There's no equivalent to passing parameters like force to a stop command, so it would require setting a variable in the environment file used for the fcoe.service /etc/sysconfig/fcoe.

I could add a shutdown script to use as the ExecStop, sending SIGTERM to fcoemon like systemd does today by default.  But it could check an environment variable and handle the SIGHUP termination and VLAN cleanup if it was set.

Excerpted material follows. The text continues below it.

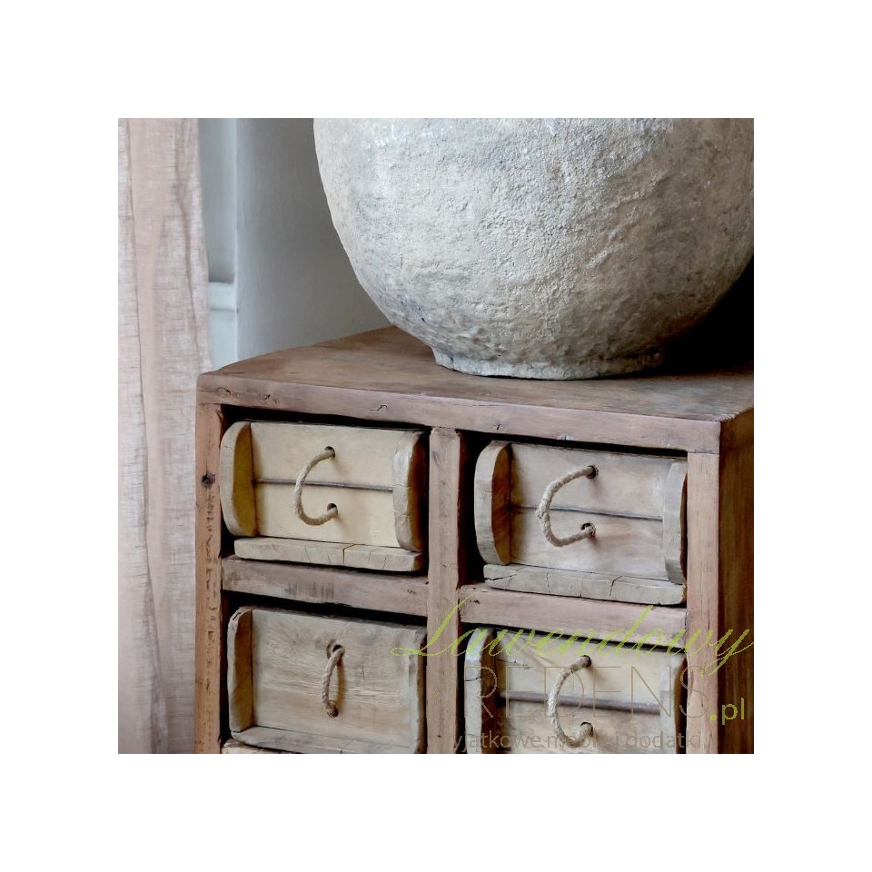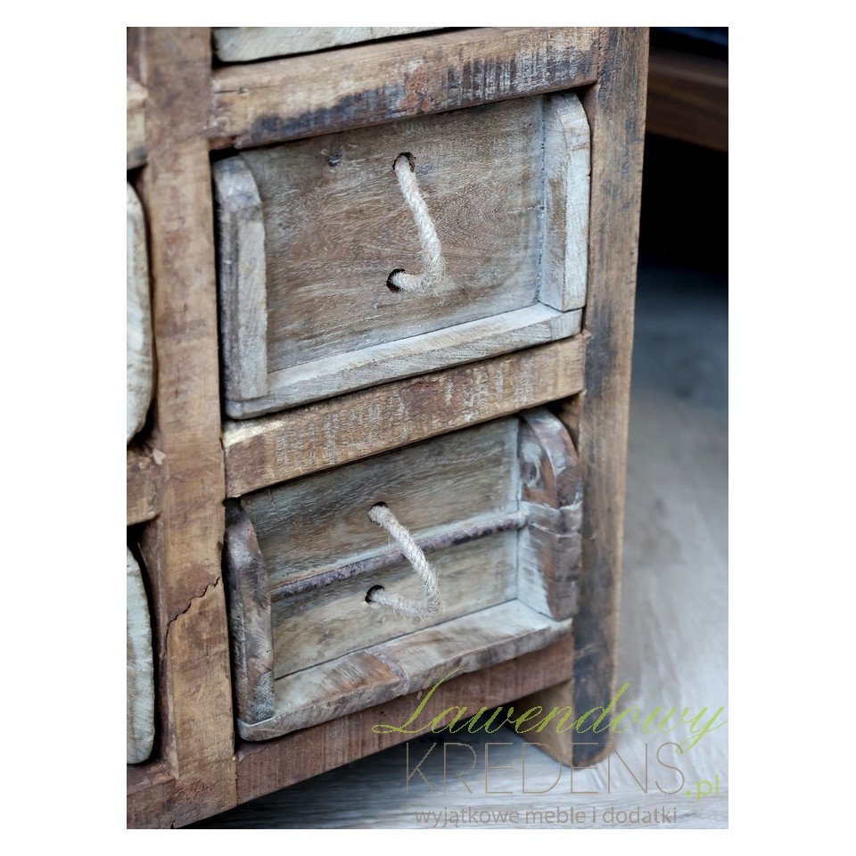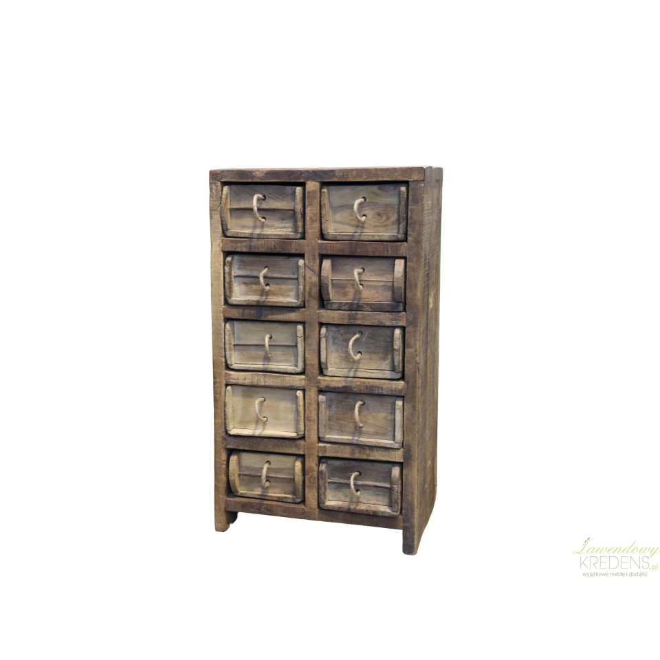 Wyjątkowa, drewniana szafka w stylu rustykalnym z kolekcji Grimaud Chic Antique, której dziesięć szuflad to autentyczne formy ceglane, wcześniej używane do formowania cegieł. Szafka wykonana jest ze starego, odzyskanego drewna, w solidnej i pięknie jakości, pełnej duszy.Ciepły, brązowy kolor drewna wprowadza do wnętrza przytulny klimat i podkreśla naturalne piękno materiału.

Something like the following might have enough checks to be safe.  It would still be up to vdsm or something to set the FORCE_CLEANUP=true in /etc/sysconfig/fcoe to trigger this non-default full cleanup.

---

#!/bin/bash

IP=/usr/sbin/ip
CFGDIR=/etc/fcoe

cleanup_vlans() {
	local link phys vlan 

	$IP -o link show type vlan | while IFS=':@ ' read -ra link; do
		vlan=${link[1]}
		phys=${link[2]}

		# does this look like the auto vlan format?
		[[ $vlan =~ $phys.[[:digit:]]+-fcoe ]] || continue

		# auto vlans don't have config files
		[ ! -e "$CFGDIR/cfg-$vlan" ] || continue

		# but the physical interface should
		[ -e "$CFGDIR/cfg-$phys" ] || continue

		# check that the physical port is configured for auto vlans
		( . "$CFGDIR/cfg-$phys" && [ "$AUTO_VLAN" == "yes" ] ) || continue

		echo "removing FCoE VLAN device $vlan"
		$IP link delete "$vlan"
	done
}

pid=$(pidof fcoemon)

if [ -v FORCE_CLEANUP ]; then
	[ "$pid" ] && kill -HUP "$pid"
	cleanup_vlans
else
	[ "$pid" ] && kill -TERM "$pid"
fi

Comment 12 RHEL Program Management 2020-12-15 07:41:35 UTC
After evaluating this issue, there are no plans to address it further or fix it in an upcoming release.  Therefore, it is being closed.  If plans change such that this issue will be fixed in an upcoming release, then the bug can be reopened.